JOMBANG, TRETAN.news – Ekonom Djoni Sudjatmoko menilai penanganan judi online (judol) tidak boleh berhenti pada penindakan masyarakat yang sekadar menjadi pemain.
Pemerintah juga wajib memastikan peredaran aplikasi digital yang menjadi sarana perjudian diawasi secara ketat.
Hal tersebut disampaikan Djoni dalam diskusi buku Ekonomi Pancasila oleh TIMES Indonesia di Arena Muktamar ke-35 NU, Jombang.
Soroti Kasus Warga Surabaya
Djoni mencontohkan kasus Yudi Surya, seorang ayah di Surabaya yang dipenjara satu tahun akibat bermain judi slot.
Yudi bermain gim Mahyong 3 melalui aplikasi Higgs Games Island sebelum ditangkap polisi dan diadili.
Menurut penasihat PWNU Jatim ini, kasus tersebut memperlihatkan celah persoalan yang jauh lebih luas.
Pemain memang harus bertanggung jawab secara hukum, tetapi penindakan tidak boleh berhenti sampai di situ.
“Jangan masyarakat yang dikorbankan. Kalau aplikasinya bisa beredar, siapa yang bertanggung jawab terhadap aplikasi-aplikasi judol ini?” tegas Djoni.
Kritik Kebijakan dan Sistem
Ia mempertanyakan pengawasan pemerintah terhadap platform permainan digital yang kerap disalahgunakan menjadi sarana judi.
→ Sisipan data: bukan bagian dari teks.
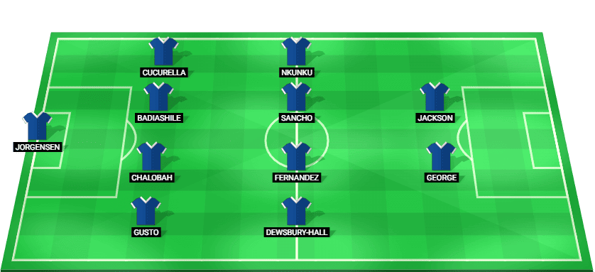 जोर्गेनसेन (जीके), गुस्टो (डीएफ), चालोबा (डीएफ), बडियाशिले (डीएफ), कुकुरेला (डीएफ), ड्यूसबरी-हॉल (एमएफ), फर्नांडीज (एमएफ), सांचो (एमएफ), नकुंकू (एमएफ), जॉर्ज (एफडब्ल्यू), जैक्सन (एफडब्ल्यू)

Masalah ini, kata dia, menuntut penerapan kepemimpinan etik dari berbagai elemen bangsa secara menyeluruh.
“Kepemimpinan etik itu intinya para pemimpin harus mementingkan kepentingan masyarakat di atas kepentingan pribadi,” ujarnya.
Djoni juga mengingatkan agar kebijakan pemerintah tidak memberikan beban tambahan bagi warga korban judi online.
Kebijakan pembatalan bantuan sosial bagi warga yang pernah bersinggungan dengan judi online dinilai salah sasaran.
“Masyarakat yang telah menjadi korban judi online jangan sampai kembali menerima beban akibat kebijakan itu,” jelasnya.
Ia berharap penanganan judol dilakukan secara berkelanjutan, bukan sekadar respons sesaat yang cepat meredup.
“Jangan panas-panas tai ayam. Sudah ramai, kemudian hilang sendiri,” kritiknya mengakhiri diskusi.